There was a darkness before my eyes.

“I borrowed from you as a comrade,” I began, speaking with a dreadful quietness. “You offered it me yourself, and I believed in your affection. . . .”

“I am not your comrade! That’s not why I have given you money, you know why it is.”

“I borrowed on account of what you owed Versilov; of course it was stupid, but I . . .”

“You could not borrow on Versilov’s account without his permission . . . and I could not have given you his money without his permission. I gave you my own money, and you knew it; knew it and took it; and I allowed this hateful farce to go on in my house!”

“What did I know? What farce! Why did you give it to me?”

“Pour vos beaux yeux, mon cousin!” he said, laughing straight in my face.

“Go to hell!” I cried. “Take it all, here’s the other thousand too! Now we are quits, and to-morrow. . . .”

And I flung at him the roll of hundred rouble notes I had meant to keep to live upon. The notes hit him in the waistcoat and flopped on the floor.

With three rapid strides he stepped close up to me:

“Do you dare to tell me,” he said savagely articulating his words as it were syllable by syllable; “that all this time you’ve been taking my money you did not know your sister was with child by me?”

“What! what!” I screamed, and suddenly my legs gave way under me and I sank helplessly on the sofa. He told me himself afterwards that I literally turned as white as a handkerchief. I was stunned. I remember we still stared into each other’s faces in silence. A look of dismay passed over his face; he suddenly bent down, took me by the shoulder and began supporting me. I distinctly remember his set smile, in which there was incredulity and wonder. Yes, he had never dreamed of his words having such an effect, for he was absolutely convinced of my knowledge.
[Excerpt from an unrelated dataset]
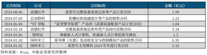 2024年8月6日,高德红外公告,公司与客户签订了某型号完整装备系统总体等产品订货合同,合同金额合计1.99亿元。此外,2024年以来多家航天防务板块公司披露了重大合同签订情况,显示出航天防务板块部分订单有所落地,业绩有望兑现在在2024年年末或2025年的利润表中。

It ended in my fainting, but only for a moment: I came to myself; I got on my feet, gazed at him and reflected – and suddenly the whole truth dawned upon my mind which had been so slow to awaken! If some one had told me of it before and asked me what I should have done at such a moment, I should no doubt have answered that I should have torn him in pieces. But what happened was quite different and quite independent of my will: I suddenly covered my face with both hands and began sobbing bitterly. It happened of itself. All at once the child came out again in the young man. It seemed that fully half of my soul was still a child’s. I fell on the sofa and sobbed out, “Liza! Liza! Poor unhappy girl!” Prince Sergay was completely convinced all at once.

“Good God, how unjust I’ve been to you!” he cried in deep distress. “How abominably I’ve misjudged you in my suspiciousness. . . . Forgive me, Arkady Makarovitch!”

I suddenly jumped up, tried to say something to him, stood facing him, but said nothing, and ran out of the room and out of the flat. I dragged myself home on foot, and don’t know how I got there. I threw myself on the bed in the dark, buried my face in the pillow and thought and thought. At such moments orderly and consecutive thought is never possible; my brain and imagination seemed torn to shreds, and I remember I began dreaming about something utterly irrelevant, I don’t know what. My grief and trouble came back to my mind suddenly with an ache of anguish, and I wrung my hands again and exclaimed: “Liza, Liza!” and began crying again. I don’t remember how I fell asleep, but I slept sweetly and soundly.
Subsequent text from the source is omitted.